The Value of Information in Multi-Scale Feedback Systems

Provisionally accepted
  • 1University of Barcelona, Barcelona, Catalonia, Spain
  • 2Laboratoire Traitement et Communication de l’Information, TELECOM ParisTech, Paris, France
  • 3IT University of Copenhagen, Copenhagen, Denmark
  • 4University of Hartford, West Hartford, Connecticut, United States

The final, formatted version of the article will be published soon.

Complex adaptive systems (CAS) can be described as systems of information flows dynamically interacting across scales to adapt and survive. CAS often consist of many components that work towards a shared goal, and interact across different informational scales through feedback loops, leading to their adaptation. In this context, understanding how information is transmitted among system components and across scales becomes crucial for understanding the behavior of CAS.Shannon entropy, a measure of syntactic information, is often used to quantify the size and rarity of messages transmitted between objects and observers, but it does not measure the value that information has for each observer. For this, semantic and pragmatic information have been conceptualized as describing the influence on an observer's knowledge and actions. Building on this distinction, we describe the architecture of multi-scale information flows in CAS through the concept of Multi-Scale Feedback Systems, and propose a series of syntactic, semantic and pragmatic information measures to quantify the value of information flows for adaptation. While the measurement of values is necessarily context-dependent, we provide general guidelines on how to calculate semantic and pragmatic measures, and concrete examples of their calculation through four case studies: a robotic collective model, a collective decision-making model, a task distribution model, and a hierarchical oscillator model.
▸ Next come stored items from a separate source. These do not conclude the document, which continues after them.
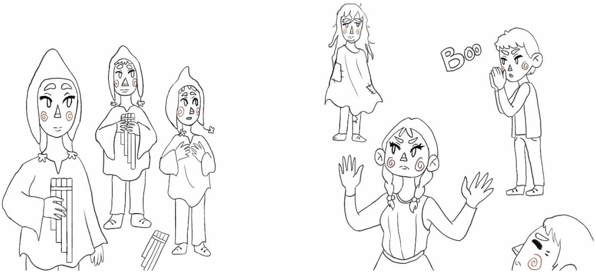
Figura 24: Octavo boceto del cuento “La leyenda del viejo andrajoso”.
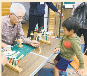
▲紙トンボでできるかな？

展示のほかに子ども向けの工作教室もあり、牛乳パックで作る紙トンボと紙テープで作るイモムシが大人気！親子連れの参加者も大勢集まりました。教えてもらったイモムシを自宅でも作り、翌日見せに来てくれる子どももいて、指導した役員さんもうれしそうでした。
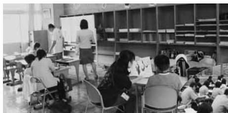
スクールの様子(上)。事前研修会には多くのボランティアが参加(右)

豊橋市内の小中学校には、多くの外国人児童生徒が学んでいます。彼らにとって、日本語能力の向上が日本の学校教育を受ける上で重要なことから、外国人が多く住む豊橋市内の9校区で、今年も夏休み期間中を利用して「外国人児童アフタースクール事業」を実施しました。
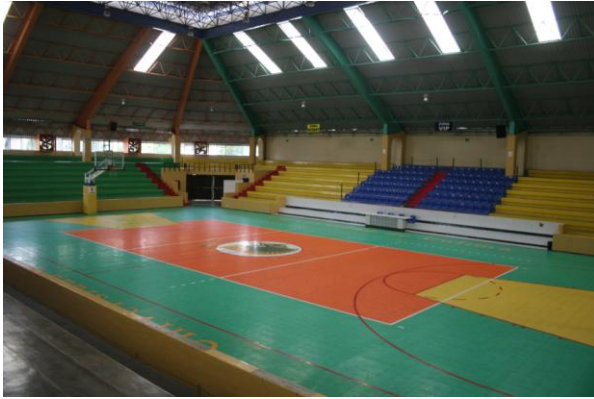
Polideportivo de Villa de Alvarez
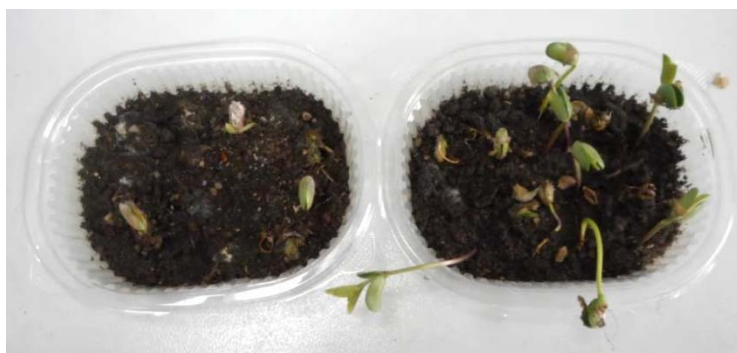
Рисунок 3 – Рост сои в контроле (слева) и в варианте с иссопом (справа) на искусственно созданном инфекционном фоне с Sclerotinia sclerotiorum

Следует отметить, что возбудитель белой гнили сои Sclerotinia sclerotiorum является наиболее агрессивным ее патогеном, поэтому на этом инфекционном фоне рост проростков в контроле был наихудшим (рисунок 3).
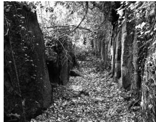
Fig. 7. Il segmento più meridionale della via cava della Castelluzza.

L'iscrizione individuata nel 2006 si trova a 30 cm dal piano di campagna, su una porzione della parete rocciosa
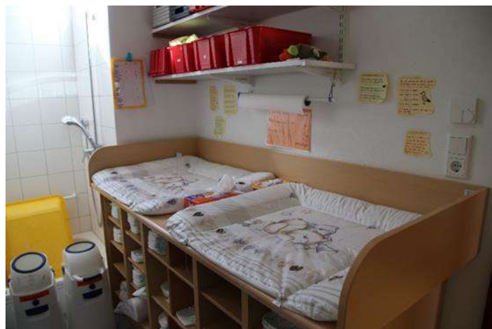
Wickelplatz / Nebengebäude

Außerdem sollte für jedes Kind ein kompletter Satz Wechselkleidung bei uns deponiert werden.

Our results contribute to an informational theory of complexity, aiming to better understand the role played by information in the behavior of Multi-Scale Feedback Systems.

Keywords: adaptation, syntactic, semantic, pragmatic, Complexity

Received: 15 Apr 2025; Accepted: 23 Jun 2025.

Copyright: © 2025 Di Felice, Diaconescu, Zahadat and Mellodge. This is an open-access article distributed under the terms of the Creative Commons Attribution License (CC BY). The use, distribution or reproduction in other forums is permitted, provided the original author(s) or licensor are credited and that the original publication in this journal is cited, in accordance with accepted academic practice. No use, distribution or reproduction is permitted which does not comply with these terms.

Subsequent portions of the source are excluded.